----- EXERCISE DATA

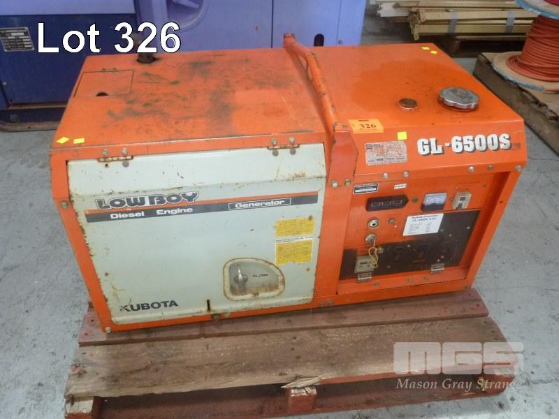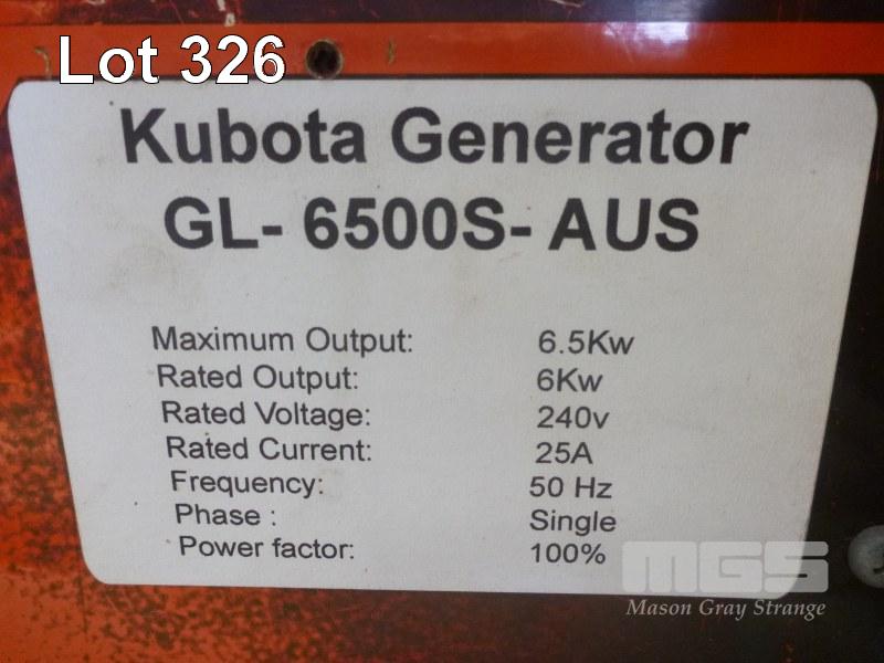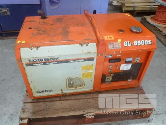 DIESEL GENERATOR KUBOTA LOW BOY MOD: GL-6500S HOURS: 1635 INDICATED 6kw, 240V, 25A OUTPUT, KEY START
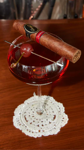 Sự sang trọng vượt thời gian của cocktail Manhattan hài hòa với hương vị đa sắc thái của Davidoff Yamasá Robusto. Sự kết hợp của rượu whisky, rượu vermouth ngọt và vị đắng thơm tạo nên một hương vị đậm đà và cân bằng. Kết hợp hoàn hảo với hương đất và vị cay có trong xì gà. Hương caramel trong rượu whisky cộng hưởng với tinh chất của điếu xì gà, trong khi một chút vị đắng tạo thêm các lớp phức tạp. Sự kết hợp này tạo ra sự tương tác thú vị và mang lại trải nghiệm thú vị cho những người đam mê xì gà và cocktail.
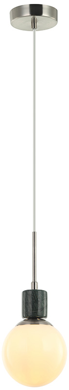 Светильник подвесной из коллекции Sharo / Шаро выполнен из металла, гальванизированного в цвет никеля, и декорирован натуральным мрамором. Источник света закрыт белым глянцевым плафоном. Провод на подвесе выполнен из перекрученного прозрачного шнура в винтажном стиле. Премиальное качество и неповторимыи? дизаи?н светильников идеально подои?дут как в классические, так и современные дизайнерские интерьеры.
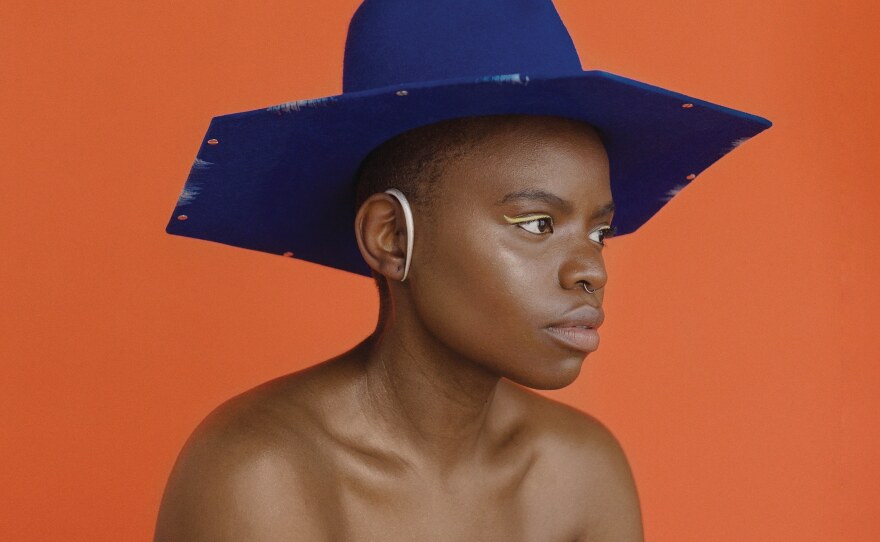 In the photo, Laetitia Tamko sits by herself against a deep orange backdrop, wearing a sleeveless black top and a hexagonal blue hat handwoven by the L.A. hatmaker Ariana Valenzuela. Tamko says that "it calls you in and invites a generous listen."
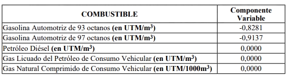 1.- Determínanse los siguientes componentes variables de los impuestos específicos establecidos en la Ley N° 18.502, que Establece impuestos a los combustibles que señala, en virtud de lo señalado en el artículo 3 de la ley N° 20.765:
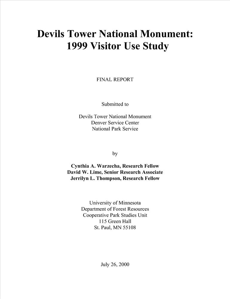 Devils Tower National Monument: 1999 Visitor Use Study
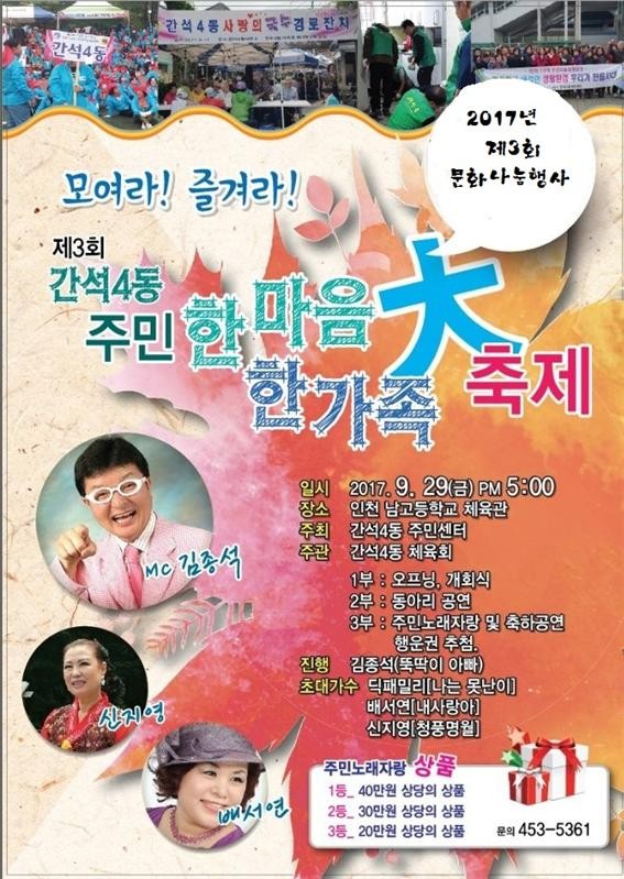 [남동구=세계타임즈 심동윤 기자] 인천 남동구 간석4동(동장 황주헌)이 오는 29일 오후 5시부터 인천남고등학교 체육관에서 ‘2017년 문화나눔행사 주민 한마음한가족 大축제’를 개최한다.
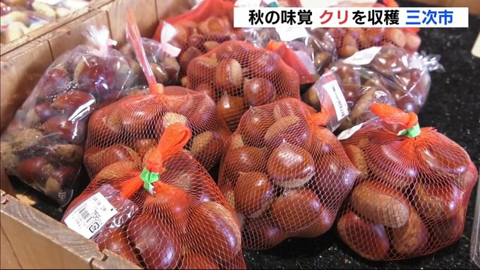 三次市東酒屋町の農業交流施設「トレッタみよし」では、9月末から店頭にクリが並び始めました。人気で、午前中には売り切れるといいます。
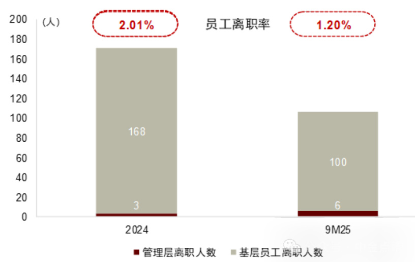 - 公司2024-2025年员工离职率仅1.2%-2.01%,在同行中处于极低水平,大大降低人力资源成本。
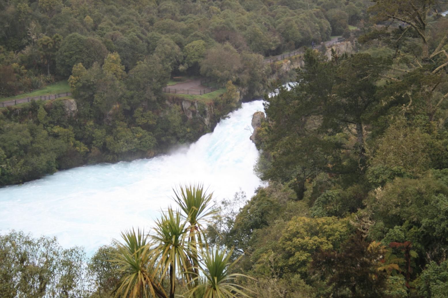 También hacemos una parada en las Huka Falls, la fuerza del agua en el cañón que lleva a las cataratas es brutal y dicen que el agua que pasa por aquí en un segundo llenaría dos piscinas olímpicas. La lluvia constante nos no deja disfrutar de la visita como merece, también nos perdemos la visita en barco a la base de las cataratas ya que debido al mal tiempo no esta disponible. Hacemos un ultimo de aprovechar el día visitando Orakei Korako, un parque volcánico en el que la lava ha formado lo que llaman la tierra de los mil colores, pero no hay suerte, el lugar parece un desierto, no hay ningún coche en el aparcamiento, y la visita parece absurda cuando la lluvia no nos dejaría hacer el recorrido.
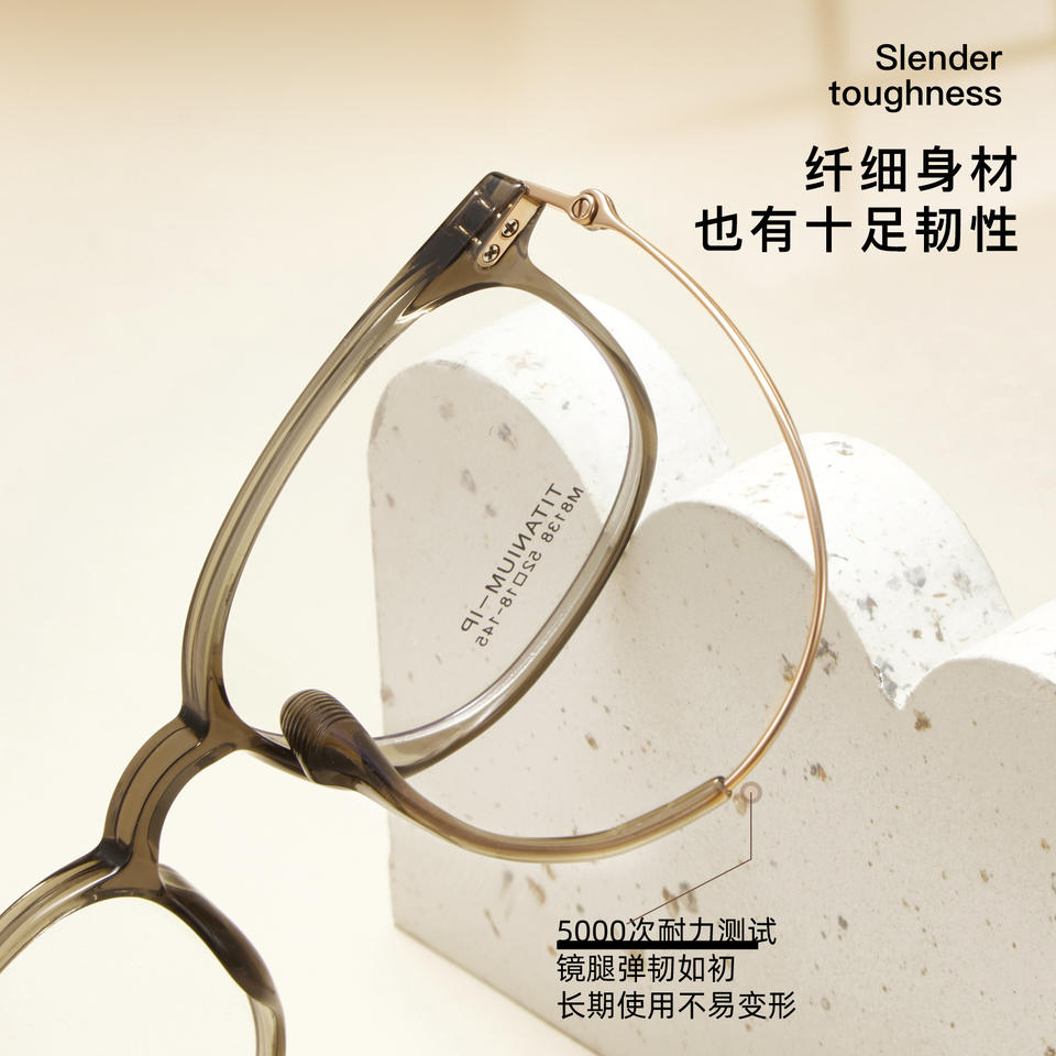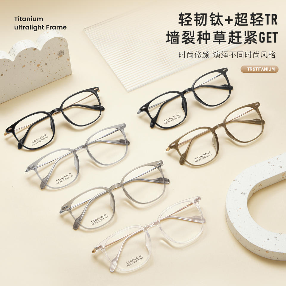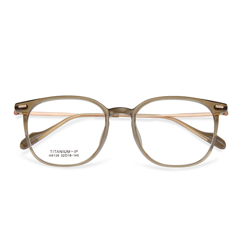 กรอบแว่นตาไทเทเนียมทรงกลม รุ่น M8138 52-18-145 น้ำหนักเบา แบบเต็มกรอบ สำหรับทุกเพศ เลนส์อะคริลิคแบบไม่มีค่าสายตา ผลิตที่เมืองตันหยาง
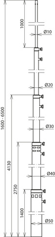 Teleskopowy maszt odgromowy, dł. 1,6-6,5 m, Al FS T D50 5500 6500 AL
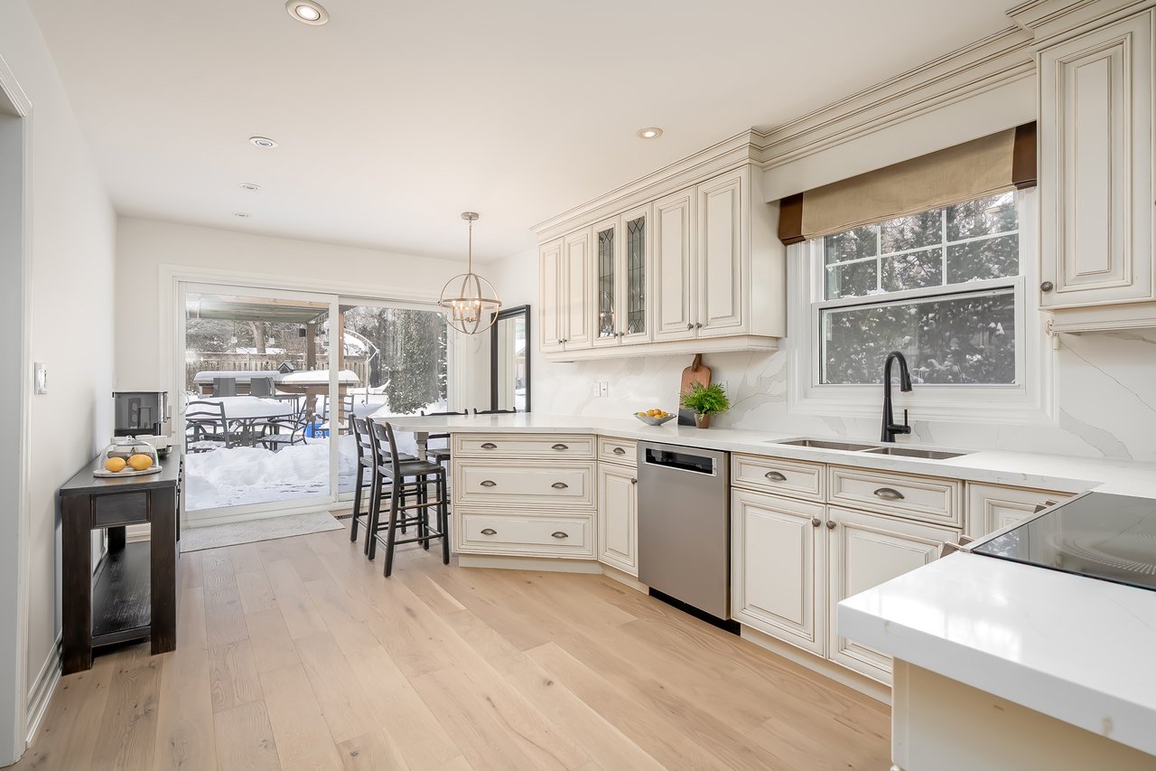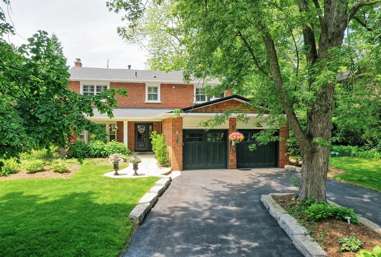 Sitting within a prestigious enclave south of Lakeshore Road in well-established Ford, this executive family home blends traditional comfort with contemporary refinement. Ideally positioned and tucked back on a mature lot, framed with mixed evergreens, this beautiful home is a short stroll to the shores of Lake Ontario + located in a well-known family friendly pocket. Boulder-lined drive + flat stone pavers lead to the cedar-planked front portico – an ideal spot for morning coffee. The stately entrance opens to reveal a refined + cohesive interior. This is a sophisticated home with an immaculately private estate with resort style back yard.
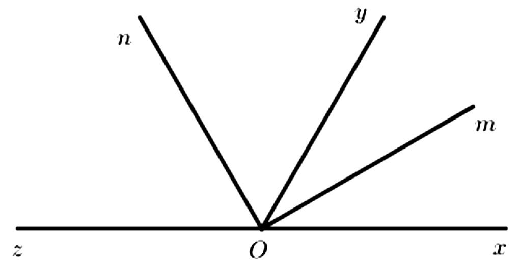 Cho $\angle xOy = 60{^\circ}$. Vẽ tia $Oz$ là tia đối của tia $Ox$. Vẽ tia $Om$ là tia phân giác của $\angle xOy,On$ là tia phân giác của $\angle yOz$.

----------

#### INSTRUCTIONS FOR THE TASK
Repeat, with no pictures, every line from the top of the entries above through the line that has "Sự sang trọng", keeping each one exact.

#### SOLUTION FOR THIS TASK
 DIESEL GENERATOR KUBOTA LOW BOY MOD: GL-6500S HOURS: 1635 INDICATED 6kw, 240V, 25A OUTPUT, KEY START
 Sự sang trọng vượt thời gian của cocktail Manhattan hài hòa với hương vị đa sắc thái của Davidoff Yamasá Robusto. Sự kết hợp của rượu whisky, rượu vermouth ngọt và vị đắng thơm tạo nên một hương vị đậm đà và cân bằng. Kết hợp hoàn hảo với hương đất và vị cay có trong xì gà. Hương caramel trong rượu whisky cộng hưởng với tinh chất của điếu xì gà, trong khi một chút vị đắng tạo thêm các lớp phức tạp. Sự kết hợp này tạo ra sự tương tác thú vị và mang lại trải nghiệm thú vị cho những người đam mê xì gà và cocktail.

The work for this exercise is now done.